随着大型多模态文档模型（例如LayoutLMv3）变得越来越复杂，知识蒸馏（KD）在实际部署中变得至关重要。EnergyKD通过使用能量评分调节每个样本的温度来增强传统的基于逻辑的KD。然而，当教师对高能量（即低置信度）输入的预测不正确时，它仍然会误导学生。虽然高能数据增强（HE- DA）被引入来解决这个问题，但它增加了显著的训练开销。在这项工作中，我们提出了能量加权监督（EWS），这是一种基于能量的样本分层机制的通用监督增强框架。EWS根据每个样本的能量得分动态调整硬标签和软标签损失之间的平衡，从而增加学生模型获得准确和正确监督的可能性，而不需要额外的数据增强或训练开销。我们的实验表明，EWS有效地提高了各种KD方法的性能。在较硬的fundd基准上，EWS的收益最大（+2.35 F1），而在CORD和SROIE上，收益较小但始终是正的（分别高达+0.84和+0.11 F1），证实了KD范式的广泛适用性。特别是，当应用于EnergyKD时，EWS通过为硬标签信号分配更大的权重，解决了其核心限制，即锐化的教师输出对高能量样本的误导影响。相反，对于低能量样本，EWS保留软标签强调，以充分利用教师的信息预测。与传统的基于逻辑的KD、EnergyKD甚至HE-DA相比，我们的能量引导损耗调制方法可以持续提高学生在多个文档理解基准中的表现，而无需额外的培训成本。据我们所知，这是多模态文档蒸馏中第一个同时集成能源感知温度缩放和动态监督加权的框架，为未来在资源有限的设备上的研究和部署提供了一个有希望的方向。

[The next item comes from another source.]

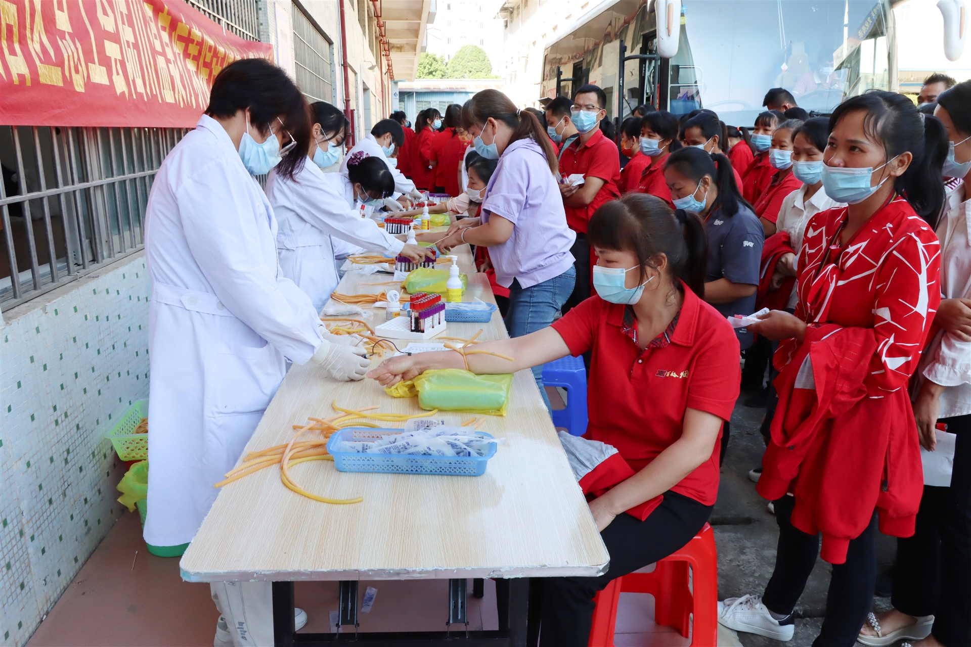 本次送健康體檢服務(wù),由廣西壯族自治區(qū)總工會陸川溫泉療養(yǎng)院的12名醫(yī)護人員上門開展,10月14日一早,體檢醫(yī)護車開進了百裕工業(yè)園,為百裕200多名一線產(chǎn)業(yè)工人提供:血液化驗、B超、肝/腎功能、心電圖、DR胸部影像、癌癥篩查等12項體檢內(nèi)容。

本文章由计算机程序翻译，如有差异，请以英文原文为准。

求助全文

约1分钟内获得全文求助全文

来源期刊

Knowledge-Based Systems 工程技术-计算机：人工智能

CiteScore

14.80

自引率

12.50%

发文量

1245

审稿时长

7.8 months

期刊介绍： Knowledge-Based Systems, an international and interdisciplinary journal in artificial intelligence, publishes original, innovative, and creative research results in the field. It focuses on knowledge-based and other artificial intelligence techniques-based systems. The journal aims to support human prediction and decision-making through data science and computation techniques, provide a balanced coverage of theory and practical study, and encourage the development and implementation of knowledge-based intelligence models, methods, systems, and software tools. Applications in business, government, education, engineering, and healthcare are emphasized.